Jesus read his kingdom manifesto from Isaiah, but he skipped a line. What’s written in Isaiah is, “to proclaim the year of the Lord’s favor, and the day of vengeance of our God” — but Jesus didn’t read that part, and I don’t think he dropped that half-verse by accident, do you? I believe he dropped it because the good news he lives and proclaims is not about vengeance; the good news of Jesus and his church is about mercy and release, it is about our liberation from all that has kept humans from living in the fullness of God’s love.

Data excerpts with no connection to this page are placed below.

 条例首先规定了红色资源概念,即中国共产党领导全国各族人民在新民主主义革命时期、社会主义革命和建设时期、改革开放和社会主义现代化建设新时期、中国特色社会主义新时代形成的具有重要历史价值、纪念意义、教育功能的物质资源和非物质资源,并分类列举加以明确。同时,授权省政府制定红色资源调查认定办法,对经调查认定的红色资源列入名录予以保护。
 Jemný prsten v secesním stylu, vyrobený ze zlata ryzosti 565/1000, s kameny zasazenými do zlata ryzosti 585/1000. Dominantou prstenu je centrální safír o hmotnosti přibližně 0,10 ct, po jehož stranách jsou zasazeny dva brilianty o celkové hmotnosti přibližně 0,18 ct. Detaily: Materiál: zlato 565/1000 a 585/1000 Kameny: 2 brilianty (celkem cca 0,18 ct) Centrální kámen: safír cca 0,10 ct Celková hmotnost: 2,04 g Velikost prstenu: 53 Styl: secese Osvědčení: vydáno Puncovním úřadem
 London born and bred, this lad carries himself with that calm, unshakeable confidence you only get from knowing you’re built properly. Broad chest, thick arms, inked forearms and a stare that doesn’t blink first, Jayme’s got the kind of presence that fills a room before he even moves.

Sometimes we say the good news of Jesus is about the forgiveness of sins, and it is — as long as we grasp the full scale of our release from our entanglement in sin’s dominion. When Jesus proclaims good news for the poor, he means the poor, and not just “poor sinners.” He looks at his disciples and says, “Blessed are you who are poor, for yours is the kingdom of God.” He says to those with the means to host big dinners, “When you give a banquet, invite the poor, the crippled, the lame, and the blind.” He tells the story of a rich man who was dressed in purple and fine linen and who feasted sumptuously every day. And at his gate lay a poor man named Lazarus, covered with sores, who longed to satisfy his hunger with what fell from the rich man’s table. And Jesus calls Zacchaeus down from his tree, and soon the chief tax collector tells him, “Look, half of my possessions, Lord, I will give to the poor, and if I have defrauded anyone of anything, I will pay back four times as much.”[4] It’s good news for the poor, because the compassion and mercy of Christ ripple out into all our sin-distorted relationships and bring about justice until we’re all fully disentangled from sin’s dominion.

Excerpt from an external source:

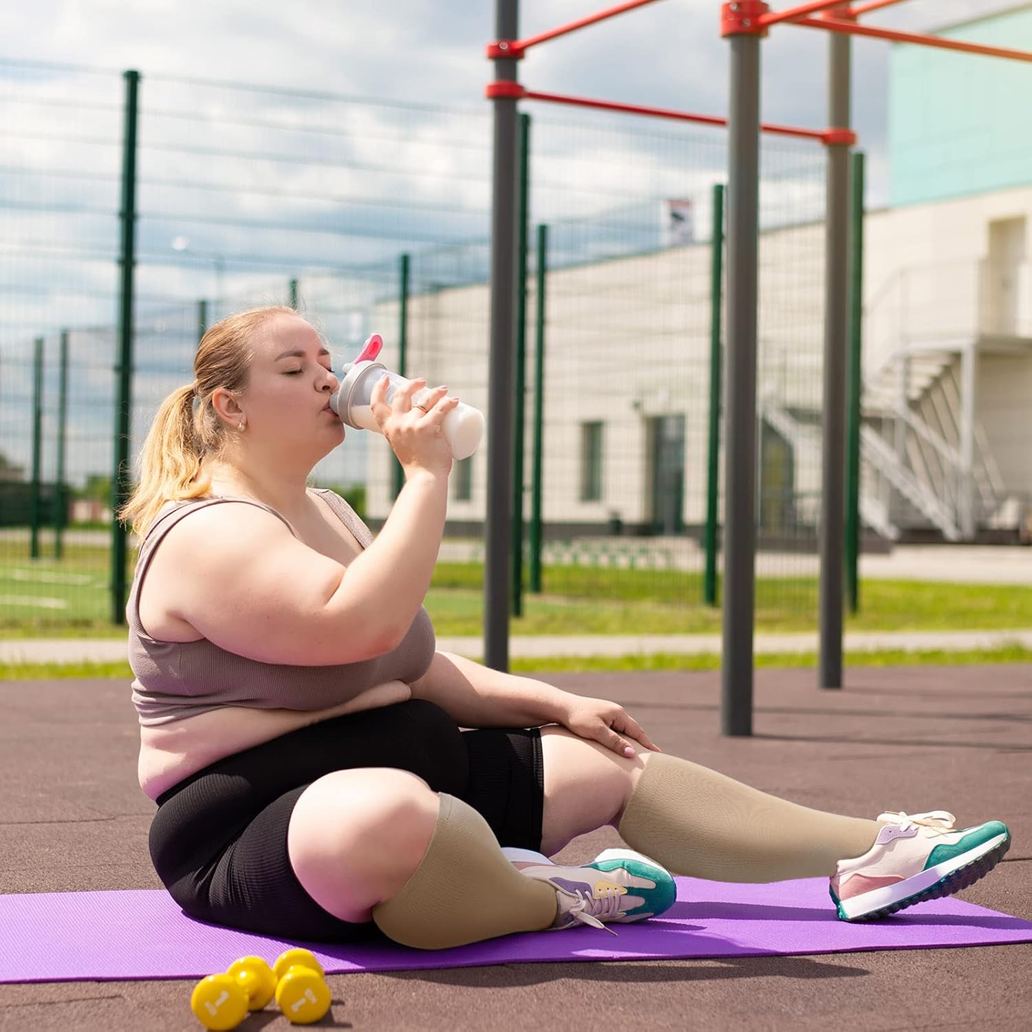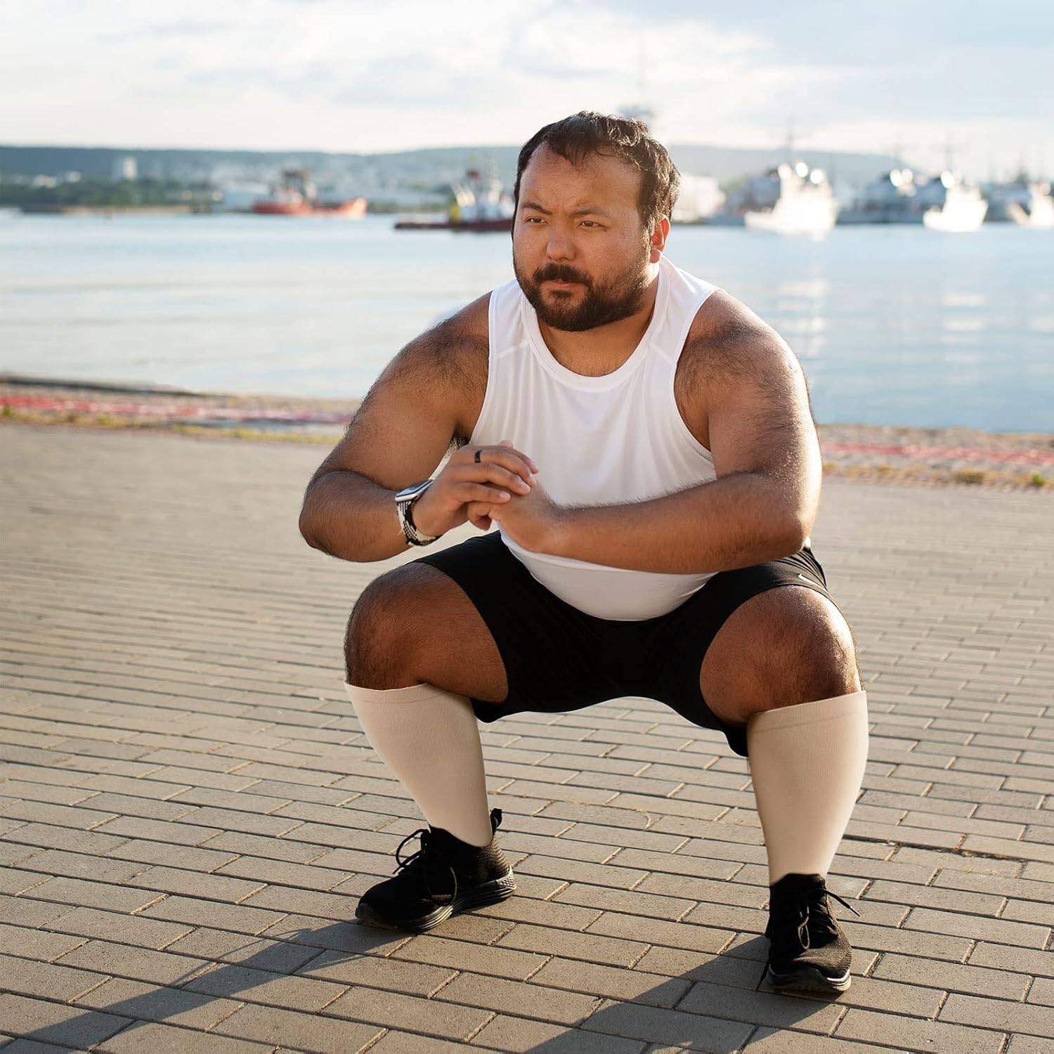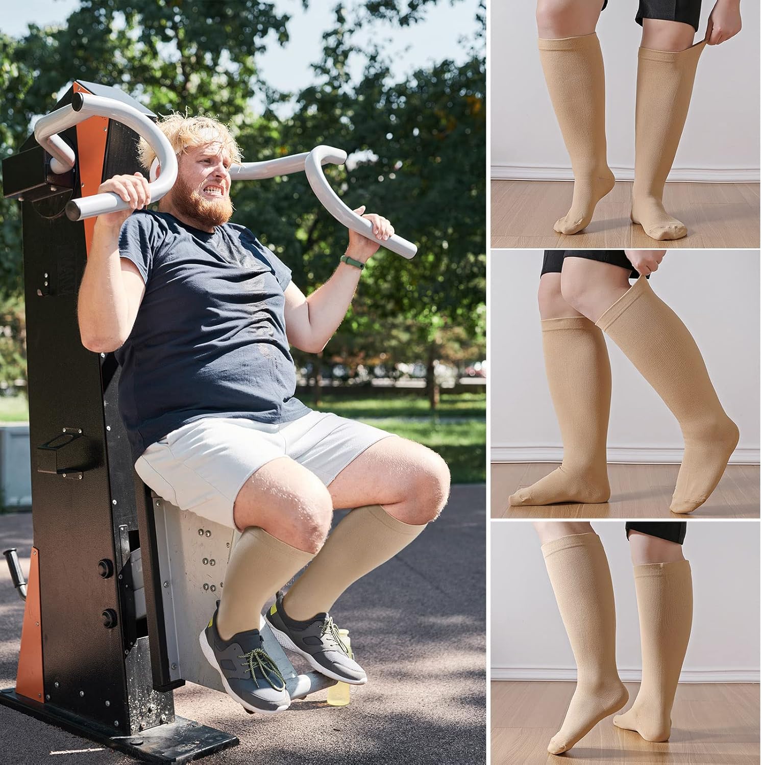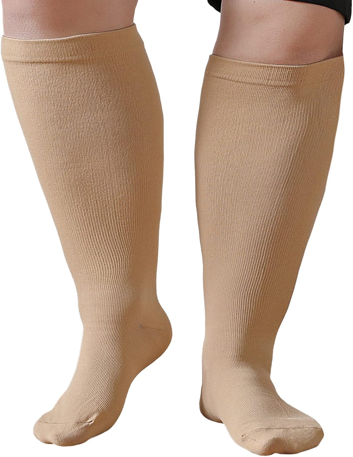 Compression Socks Woman Man: Compression Stockings Plus Size Wide Calf 20-30 mmHg for Obese Pregnant Varicose Veins Sports Travel Flight XXL-7XL Black Beige 1 Pair
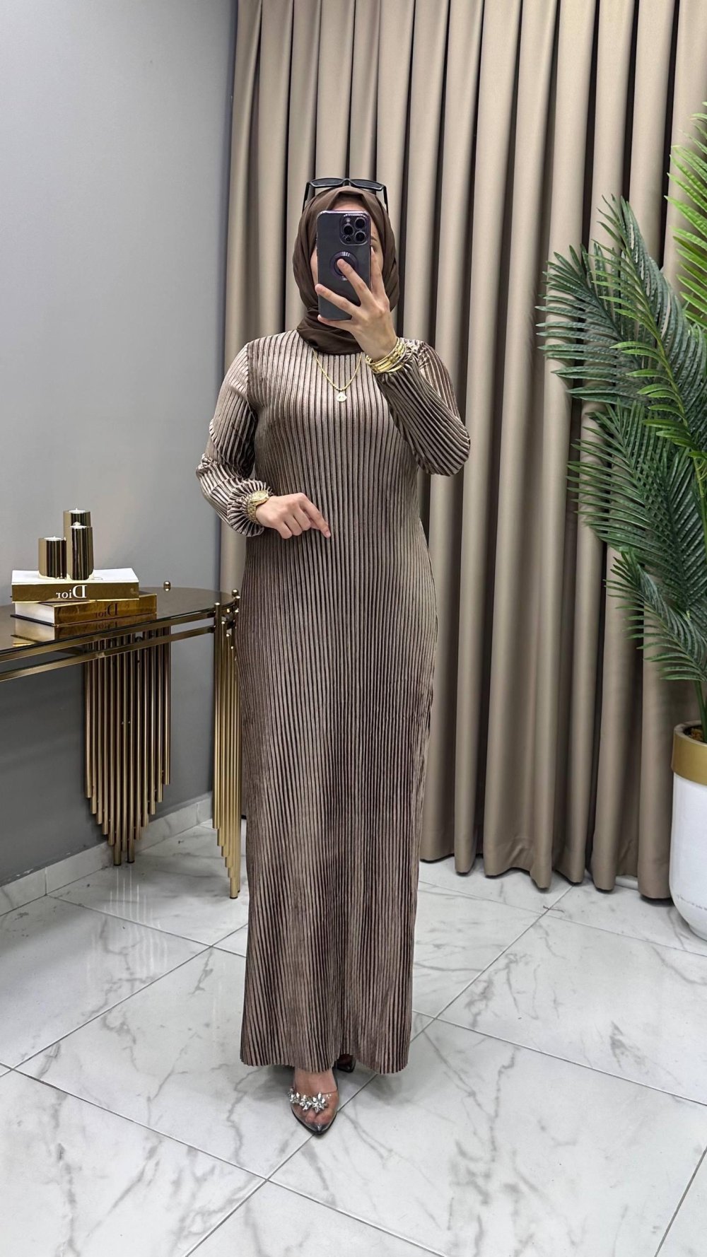 Multi Piliseli Kadife Elbise Kahve Kahverengi

Yes, compassion and mercy and justice rule — not vengeance. So be careful whose clips you watch. Be careful whose language you borrow for your thinking and speaking. And be very careful whose words and attitudes you allow to enter your inner space — they will shape not only your world, but the one we all share.
“Do what you need in order to retain possession over your own imagination,” writes Cole Riley, and I would love to talk with her about that. I don’t want my imagination colonized by liars and peddlers of fear — I want an imagination fully formed by the beauty and truth of God, an imagination schooled in the company of Jesus and continually shaped by the same Spirit that anointed him.

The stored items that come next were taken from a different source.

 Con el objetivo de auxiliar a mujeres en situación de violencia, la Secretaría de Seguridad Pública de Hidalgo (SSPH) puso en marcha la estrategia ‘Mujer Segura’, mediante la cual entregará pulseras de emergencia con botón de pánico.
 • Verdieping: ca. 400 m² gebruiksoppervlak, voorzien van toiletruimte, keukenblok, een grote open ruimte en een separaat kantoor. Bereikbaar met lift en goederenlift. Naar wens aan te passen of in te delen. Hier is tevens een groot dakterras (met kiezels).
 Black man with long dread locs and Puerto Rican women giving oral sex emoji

God’s words instruct us to perceive the beauty and wisdom in which all parts of creation are knit together in mutual belonging. Wendell Berry writes,
We are holy creatures living among other holy creatures in a world that is holy. Some people know this, and some do not. Nobody, of course, knows it all the time.[5]
No, nobody knows it all the time, but the Spirit of God who’s made her home among us knows. The Spirit that anointed Jesus will not cease to inspire and invite us to entrust ourselves to her movement.
When Jesus said, “Today” he meant that very day; and when we hear him say, “Today” he still means today. He’s addressing our hunger, our captivity, our impaired vision, our entanglement in imperial oppression, and he’s come to break our chains, open our eyes, and lead us out.
In the meantime, may the words of our mouths and the meditations of our hearts be acceptable to you, O Lord, our redeemer.
[1] James Baldwin https://www.theatlantic.com/magazine/archive/1960/09/this-morning-this-evening-so-soon/658022/
[2] https://www.instagram.com/blackliturgies/p/DFDZn5qOFyo/?img_index=2
[3] https://www.leaderu.com/marshill/mhr07/norris1.html
[4] See Luke 6:20; 14:13; 16:19-31; 19:8
[5] Wendell Berry, “Christianity and The Survival of Creation,” Cross Currents, Summer 1993, Vol. 43, Issue 2.